Knut nació en el zoológico de Berlín el 5 de diciembre de 2006. El mes de diciembre en Berlín es muy bueno para un oso polar: puedes alcanzar tranquilamente los -23º en la calle. Él y su hermanito sin nombre fueron rechazados nada más nacer por su madre, Tosca. Los cuidadores del zoo rescataron a los ositos e intentaron salvarlos: eran los primeros oseznos nacidos en cautividad en Berlín.

El hermanito de Knut murió de una infección poco después, y aquí empezó la polémica sobre mantener con vida o no al bebé oso. Es común en los zoológicos que cuando una madre rechaza a sus crías, éstas se sacrifican, para no interferir en el ritmo de la naturaleza.

Miles de niños se concentraron en el zoo de Berlín pidiendo que se salvara a Knut. Pasó 44 días en la incubadora y por fin , encontró una mamá adoptiva. Uno de sus cuidadores, Thomas Dörflein,  ya tenía un cariño especial por el pequeñín, de manera que se convirtió voluntariamente en “la madre de Knut”. Se trasladó a vivir al zoológico durante dos años y dormía en un colchón junto al osezno, que fue alimentado con biberón (la criaturita se tragaba dos botellas de leche cada dos horas), papilla de avena y comida para gatos.

Como siempre, la gente no podía estar callada, pensaban que el trato tan cercano entre el cuidador y el osezno afectaría a su forma de ver a los humanos, que no deben interferir en la vida natural. Con tanto mimo, el oso creería que era una persona y no un oso. El mismo riesgo correría Thomas, digo yo, de creer que era una osa y no un hombre después de pasar dos años viviendo dentro de un zoológico sin separarse del osito.

 

Cuando cumplió un año, ya no era ese cachorrito entrañable que todo el mundo quería achuchar (y podía, virtualmente, comprando su versión en peluche) ya que pesaba 100 kilos  (pensaron en quitar los croissants del desayuno de su dieta).
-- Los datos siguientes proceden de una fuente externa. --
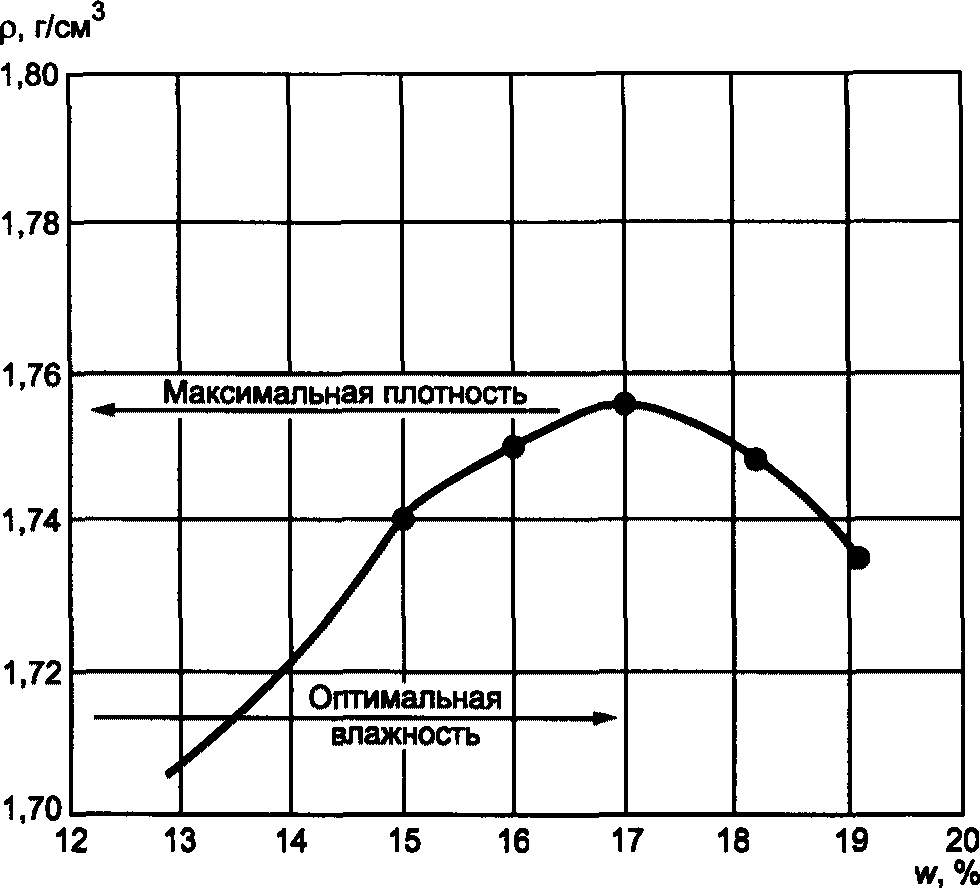 рисунок 4). По наивысшей точке графика для связных грунтов находят значение максимальной плотности

Decían que ya no era tan bonito, pero Knut se había acostumbrado a estar entre humanos, y no dejaba de hacer monerías delante del público. Necesitaba la atención que ahora querían negarle porque se volvió demasiado peligroso jugar con él debido a su peso.

Durante su último cumpleaños se le veía deprimido y triste. Algunos decían que era el estrés por convivir con tres hembras, entre ellas su madre. Otros, tristeza, porque su última novia, Gianna (a la que no hizo ni caso), la devolvieron a su zoológico de origen. ¿No sería que echaba de menos a su único amigo? Thomas Dörflein había fallecido de paro cardíaco en septiembre de 2008.
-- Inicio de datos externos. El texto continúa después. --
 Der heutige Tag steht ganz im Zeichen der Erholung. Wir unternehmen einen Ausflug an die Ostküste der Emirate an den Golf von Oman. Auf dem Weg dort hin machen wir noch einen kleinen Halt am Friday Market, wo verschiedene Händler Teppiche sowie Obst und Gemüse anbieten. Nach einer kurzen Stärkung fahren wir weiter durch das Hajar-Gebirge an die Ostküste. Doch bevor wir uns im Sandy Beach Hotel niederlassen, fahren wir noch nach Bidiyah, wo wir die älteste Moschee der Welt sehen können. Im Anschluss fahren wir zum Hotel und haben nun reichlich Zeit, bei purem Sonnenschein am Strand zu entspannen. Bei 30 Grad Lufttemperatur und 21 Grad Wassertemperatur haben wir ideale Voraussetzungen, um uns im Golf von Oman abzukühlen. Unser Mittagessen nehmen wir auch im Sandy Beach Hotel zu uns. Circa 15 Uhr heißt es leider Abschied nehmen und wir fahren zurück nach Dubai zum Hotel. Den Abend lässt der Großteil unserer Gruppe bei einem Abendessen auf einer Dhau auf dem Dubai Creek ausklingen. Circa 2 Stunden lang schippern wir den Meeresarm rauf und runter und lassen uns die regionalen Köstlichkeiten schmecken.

Knut murió el 19 de marzo pasado, delante de su público. Dicen que sufría una lesión cerebral que nunca habían detectado.

Aunque muchos querían enterrarle junto a su amigo Thomas, el zoológico no quiere perder su fuente de ingresos, y prefiere disecarlo y seguir exponiéndole, como una atracción de feria. Para los niños, que no entienden de especulaciones financieras, ahora Berlín es un poquito más triste.

Alejandra Rovira Marcos.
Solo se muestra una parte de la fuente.